IV. Les enjeux européens : certificats A1 et coopération loyale
IV.A. L’opposabilité des certificats A1 en matière de sécurité sociale
L’arrêt du 9 juin 2026 aborde également la question cruciale des certificats A1 délivrés par les institutions de sécurité sociale des États membres de l’Union européenne. La chambre criminelle rappelle qu’en application de la jurisprudence de la Cour de justice de l’Union européenne, « les certificats A1 délivrés par l’institution compétente d’un État membre lient les juridictions de l’État membre d’accueil tant qu’ils n’ont pas été retirés ou déclarés invalides »13.
13 Ibid. ; v. également CJUE, 6 février 2018, aff. C-359/16, Altun, et CJUE, 14 mai 2020, aff. C-17/19, Bouygues.
Toutefois, la Cour admet une exception lorsque les certificats ont été obtenus frauduleusement. En l’espèce, les certificats A1 avaient été délivrés par les autorités espagnoles alors que l’activité de la société en France était permanente et prépondérante.

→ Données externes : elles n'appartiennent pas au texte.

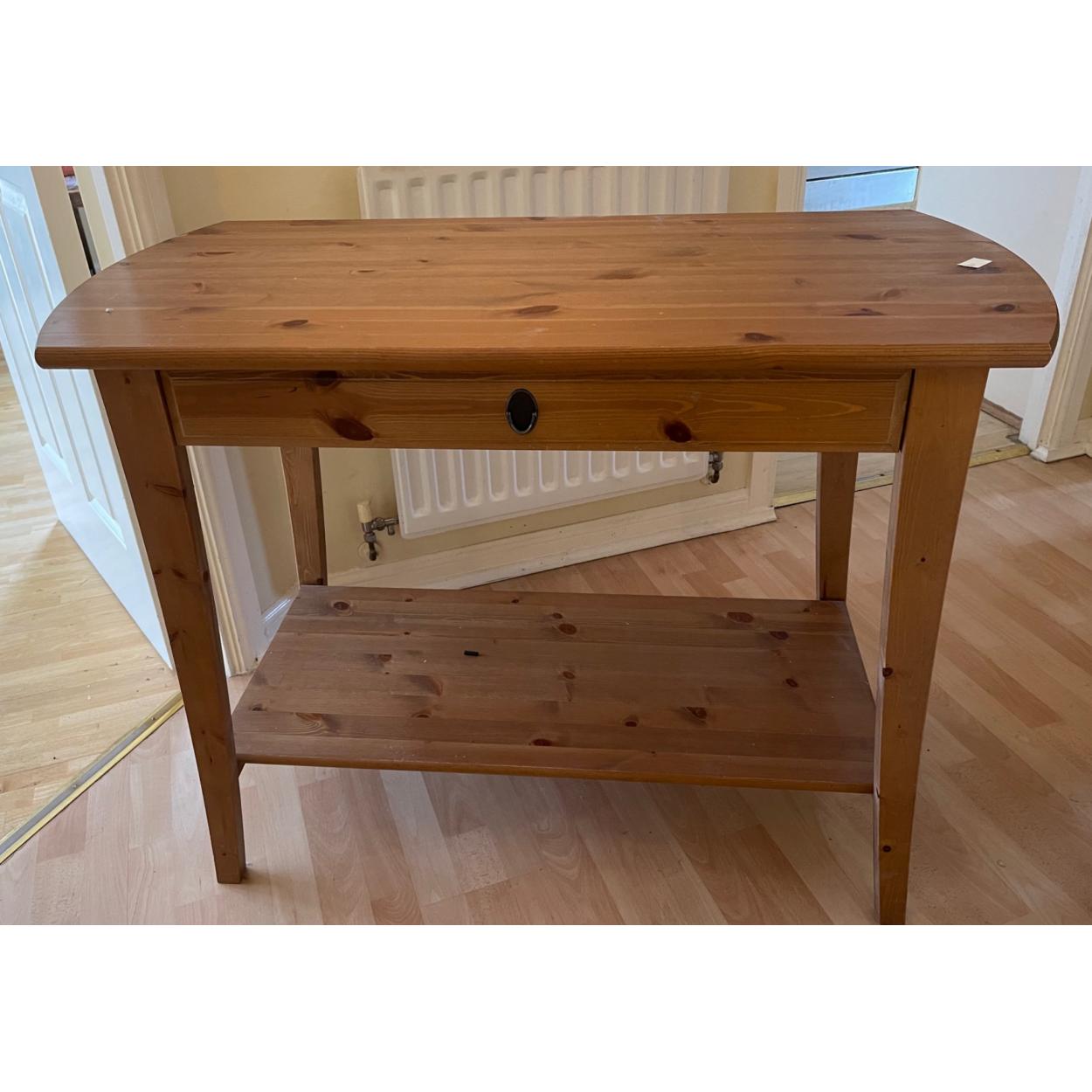 A hall or lounge pine CONSOLE pine table with lower shelf - and drawer for storing all these useful knick-knacks! dimensions 3ft width x 18" depth x 2.5ft height approx - IDEAL UPCYCLE PROJECT!

La chambre criminelle a validé la démarche des juges du fond qui avaient écarté ces certificats après avoir constaté que les conditions du détachement temporaire n’étaient pas remplies.
IV.B. Les perspectives de la répression : vers un renforcement de la coopération judiciaire
La multiplication des affaires de travail dissimulé transnational pose avec une acuité renouvelée la question de la coopération entre les institutions de sécurité sociale et les autorités judiciaires des États membres. Le colloque organisé par la Cour de cassation le 22 juin 2026, intitulé « Regards croisés de la chambre sociale et de la chambre criminelle en droit du travail », témoigne de cette préoccupation croissante.

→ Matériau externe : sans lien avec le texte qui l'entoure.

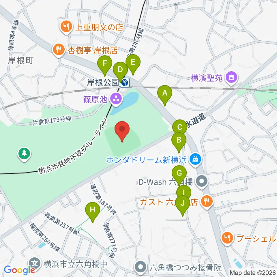 岸根公園野球場周辺のファミレス・ファーストフード一覧地図

La jurisprudence de la chambre criminelle s’inscrit dans un mouvement plus large de renforcement de la répression correctionnelle des atteintes à l’ordre public social. Le Panorama 2025 de la jurisprudence de la chambre criminelle, publié en mars 2026, consacre un développement substantiel au travail dissimulé, confirmant la place centrale de cette infraction dans le contentieux pénal du travail14.
14 Panorama 2025 de la jurisprudence de la chambre criminelle, Cour de cassation, mars 2026.

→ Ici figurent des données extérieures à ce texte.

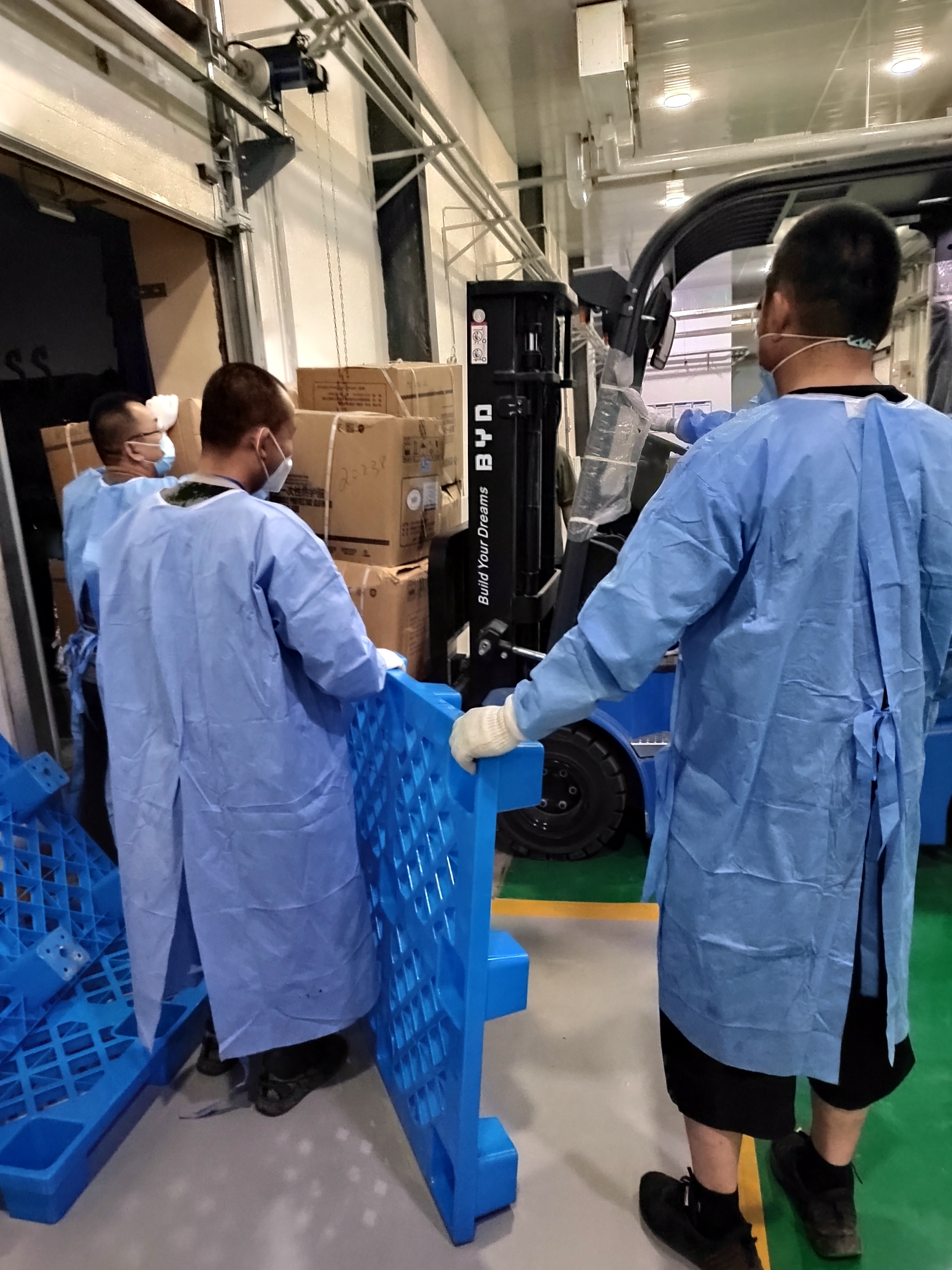 策克口岸地理位置特殊,人员复杂,防控力量紧缺,这给疫情防控工作带来极大挑战。太豪公司党员干部积极响应管委会疫情防控指挥部的号召,用自己的行动诠释初心和使命。志愿服务者在指定的场地上认真做好值班检查工作。公司业务部的志愿者负责抗疫物资的装卸工作,大家身穿防护服,接货、装货、推车、卸货、堆码,来来回回,不辞辛苦,干劲十足,直至凌晨两点才完成搬运工作,有力支援了一线物资急需需求。销售部和运通部门职工积极服务于口岸疫情指挥部锦象国际酒店后勤保障工作,对酒店公共场地进行消杀消毒,清理卫生等,助力疫情防控工作有序开展。

Le projet de loi sur la justice criminelle et le respect des victimes, dont l’examen parlementaire est en cours, pourrait par ailleurs modifier certaines règles procédurales applicables à la poursuite du travail dissimulé. La Défenseure des droits, dans son avis n° 26-03 du 3 avril 2026, a souligné que « certaines dispositions du projet de loi sont de nature à porter atteinte à l’équité du procès et aux droits des justiciables », invitant à la vigilance sur l’articulation entre efficacité de la répression et respect des droits de la défense.
Conclusion
Le panorama jurisprudentiel 2023-2026 de la chambre criminelle en matière de travail dissimulé révèle une double dynamique. D’une part, la Cour de cassation renforce l’efficacité de la répression en adoptant une définition extensive du produit de l’infraction et en validant la requalification des contrats de sous-traitance en contrats de travail. D’autre part, elle encadre strictement les pouvoirs du juge pénal en matière de peines complémentaires, rappelant avec fermeté que le principe de légalité des peines commande une interprétation stricte des textes. L’arrêt du 9 juin 2026 (n° 24-85.090), publié au Bulletin et au Rapport annuel, constitue à cet égard un arrêt de principe dont les praticiens — tant les avocats pénalistes que les avocats en droit social — doivent impérativement prendre la mesure.